Work instruction: Below are entries; output exactly the lines from the one with "Kız çocukları için" to the one with "キーワード:ワンピース ロング ワンポイント", both included, and nothing else.

Supplied material:
::::::

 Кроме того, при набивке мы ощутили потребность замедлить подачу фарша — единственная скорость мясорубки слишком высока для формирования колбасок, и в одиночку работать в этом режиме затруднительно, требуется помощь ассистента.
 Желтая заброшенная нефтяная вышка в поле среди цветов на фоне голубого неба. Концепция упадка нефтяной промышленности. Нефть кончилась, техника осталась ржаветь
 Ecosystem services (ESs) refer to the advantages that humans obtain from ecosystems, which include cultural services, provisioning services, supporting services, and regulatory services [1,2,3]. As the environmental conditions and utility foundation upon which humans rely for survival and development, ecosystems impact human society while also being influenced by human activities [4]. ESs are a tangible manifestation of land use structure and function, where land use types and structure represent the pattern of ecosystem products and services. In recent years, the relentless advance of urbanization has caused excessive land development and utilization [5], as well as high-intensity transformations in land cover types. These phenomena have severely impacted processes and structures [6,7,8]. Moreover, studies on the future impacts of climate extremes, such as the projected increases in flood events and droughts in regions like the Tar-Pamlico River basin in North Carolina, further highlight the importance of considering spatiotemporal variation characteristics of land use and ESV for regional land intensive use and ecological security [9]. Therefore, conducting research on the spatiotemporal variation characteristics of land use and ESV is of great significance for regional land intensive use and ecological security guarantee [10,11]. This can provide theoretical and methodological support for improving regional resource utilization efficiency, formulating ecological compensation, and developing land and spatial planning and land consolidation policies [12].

::::::

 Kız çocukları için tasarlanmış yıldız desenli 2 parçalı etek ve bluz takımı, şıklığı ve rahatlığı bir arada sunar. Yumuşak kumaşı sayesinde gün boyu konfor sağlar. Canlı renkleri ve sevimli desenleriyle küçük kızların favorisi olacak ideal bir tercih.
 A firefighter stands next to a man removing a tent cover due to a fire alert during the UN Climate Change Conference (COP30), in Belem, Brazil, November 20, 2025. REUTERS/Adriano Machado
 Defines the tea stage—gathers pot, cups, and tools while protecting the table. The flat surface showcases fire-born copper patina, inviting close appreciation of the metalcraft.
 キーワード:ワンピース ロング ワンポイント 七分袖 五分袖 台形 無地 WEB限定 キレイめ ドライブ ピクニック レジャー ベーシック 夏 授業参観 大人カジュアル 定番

::::::

Problem solution:
 Kız çocukları için tasarlanmış yıldız desenli 2 parçalı etek ve bluz takımı, şıklığı ve rahatlığı bir arada sunar. Yumuşak kumaşı sayesinde gün boyu konfor sağlar. Canlı renkleri ve sevimli desenleriyle küçük kızların favorisi olacak ideal bir tercih.
 A firefighter stands next to a man removing a tent cover due to a fire alert during the UN Climate Change Conference (COP30), in Belem, Brazil, November 20, 2025. REUTERS/Adriano Machado
 Defines the tea stage—gathers pot, cups, and tools while protecting the table. The flat surface showcases fire-born copper patina, inviting close appreciation of the metalcraft.
 キーワード:ワンピース ロング ワンポイント 七分袖 五分袖 台形 無地 WEB限定 キレイめ ドライブ ピクニック レジャー ベーシック 夏 授業参観 大人カジュアル 定番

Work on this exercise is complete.